See two follower s and one leader indicating that they are working properly. If not, start with the following command
[hadoop@nn1 zk_op]$ ./zk_ssh_all.sh /usr/local/zookeeper/bin/zkServer.sh start
2. Start journalnode
This is the namenode synchronizer.
#Start journalnode on nn1 [hadoop@nn1 zk_op]$ hadoop-daemon.sh start journalnode #Start journalnode on nn2 [hadoop@nn1 zk_op]$ hadoop-daemon.sh start journalnode #You can open the log separately to see the startup status [hadoop@nn1 zk_op]$ tail /usr/local/hadoop-2.7.3/logs/hadoop-hadoop-journalnode-nn1.hadoop.log 2019-07-22 17:15:54,164 INFO org.apache.hadoop.ipc.Server: Starting Socket Reader #1 for port 8485 2019-07-22 17:15:54,190 INFO org.apache.hadoop.ipc.Server: IPC Server Responder: starting 2019-07-22 17:15:54,191 INFO org.apache.hadoop.ipc.Server: IPC Server listener on 8485: starting #It was found that IPC communication had been established and the journalnode process was in 8485.
3. Initialize HA information (first run only, not later)
[hadoop@nn1 zk_op]$ hdfs zkfc -formatZK [hadoop@nn1 zk_op]$ /usr/local/zookeeper/bin/zkCli.sh [zk: localhost:2181(CONNECTED) 0] ls / [zookeeper, hadoop-ha] [zk: localhost:2181(CONNECTED) 1] quit Quitting...
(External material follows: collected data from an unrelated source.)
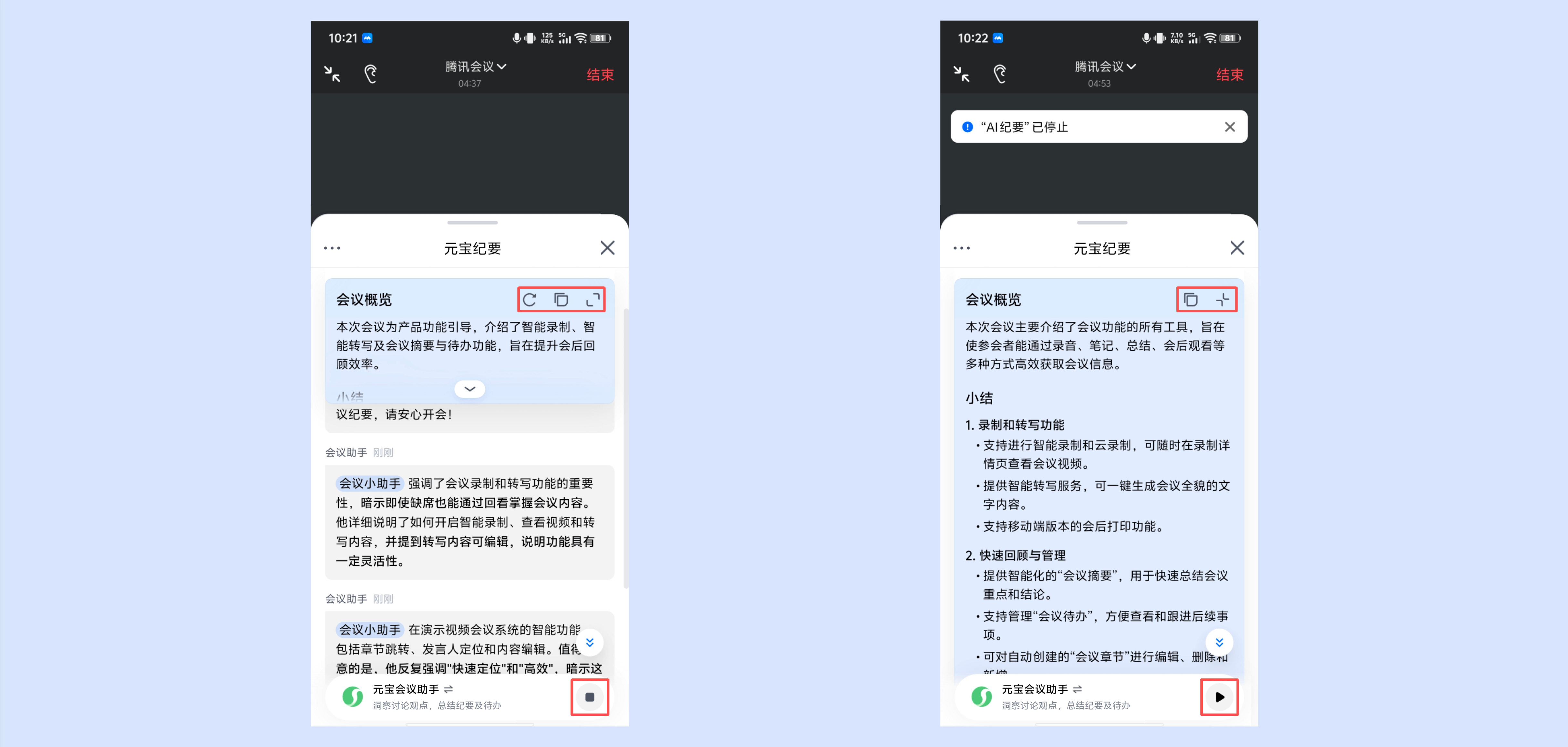 ②点击“暂停”按钮,将停止对会议内容进行总结;点击“继续”按钮,即可恢复对后续会议内容的总结。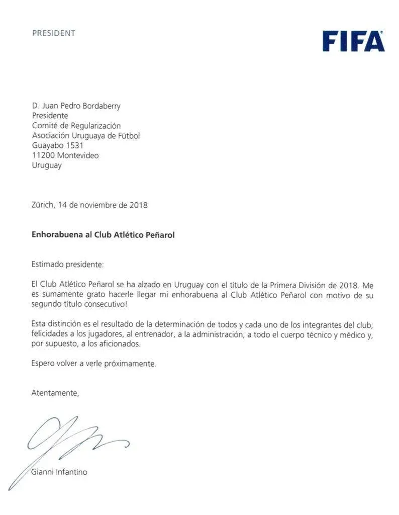 "El Club Atlético Peñarol se ha alzado en Uruguay con el título de la Primera división de 2018. Me es sumamente grato hacerle llegar mi enhorabuena al Club Atlético Peñarol con motivo de su segundo título consecutivo!", escribió Infantino en una carta enviada al presidente del Comité de Regularización de la AUF, Pedro Bordaberry.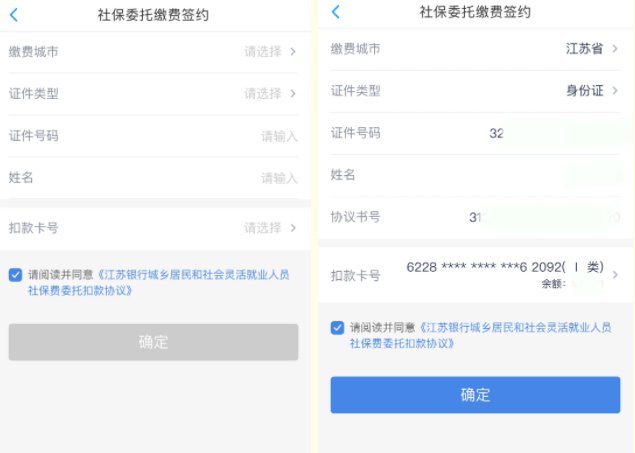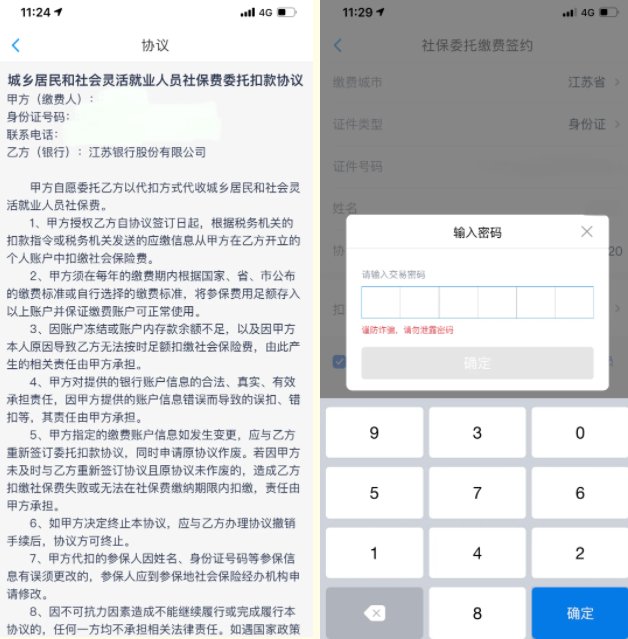 4.阅读并勾选“江苏银行城乡居民和社会灵活就业人员社保费委托扣款协议”选项,点击【确定】,系统将要求验证您的银行卡交易密码。
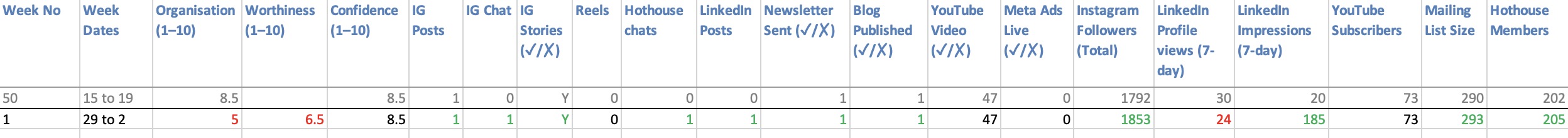 I was fond of version one, but my year-end business review made something very clear: I need to capture more data, more regularly, if I want a truly accurate picture of how the business is developing. What Iām sharing here is sheet one. Thereās a second, private sheet where I track client acquisition activity, sales conversion, and revenue by product. Iāll update both parts weekly, watch trends monthly, and review strategy quarterly.

4. Format the namenode on nn1 (only for the first time, not later)
[hadoop@nn1 zk_op]$ hadoop namenode -format #Successful initialization appears in the following instructions #19/07/22 17:23:09 INFO common.Storage: Storage directory /data/dfsname has been successfully formatted.
5. Start nn1's namenode
[hadoop@nn1 zk_op]$ hadoop-daemon.sh start namenode [hadoop@nn1 zk_op]$ tail /usr/local/hadoop/logs/hadoop-hadoop-namenode-nn1.hadoop.log # #2019-07-22 17:24:57,321 INFO org.apache.hadoop.ipc.Server: IPC Server Responder: starting #2019-07-22 17:24:57,322 INFO org.apache.hadoop.ipc.Server: IPC Server listener on 9000: starting #2019-07-22 17:24:57,385 INFO org.apache.hadoop.hdfs.server.namenode.NameNode: NameNode RPC up at: nn1.hadoop/192.168.10.6:9000 #2019-07-22 17:24:57,385 INFO org.apache.hadoop.hdfs.server.namenode.FSNamesystem: Starting services required for standby state #2019-07-22 17:24:57,388 INFO org.apache.hadoop.hdfs.server.namenode.ha.EditLogTailer: Will roll logs on active node at nn2.hadoop/192.168.10.7:9000 every 120 seconds. #2019-07-22 17:24:57,394 INFO org.apache.hadoop.hdfs.server.namenode.ha.StandbyCheckpointer: Starting standby checkpoint thread... #Checkpointing active NN at http://nn2.hadoop:50070 #Serving checkpoints at http://nn1.hadoop:50070
6. Synchronize the namenode status of nn1 on the nn2 machine (only the first run, not later)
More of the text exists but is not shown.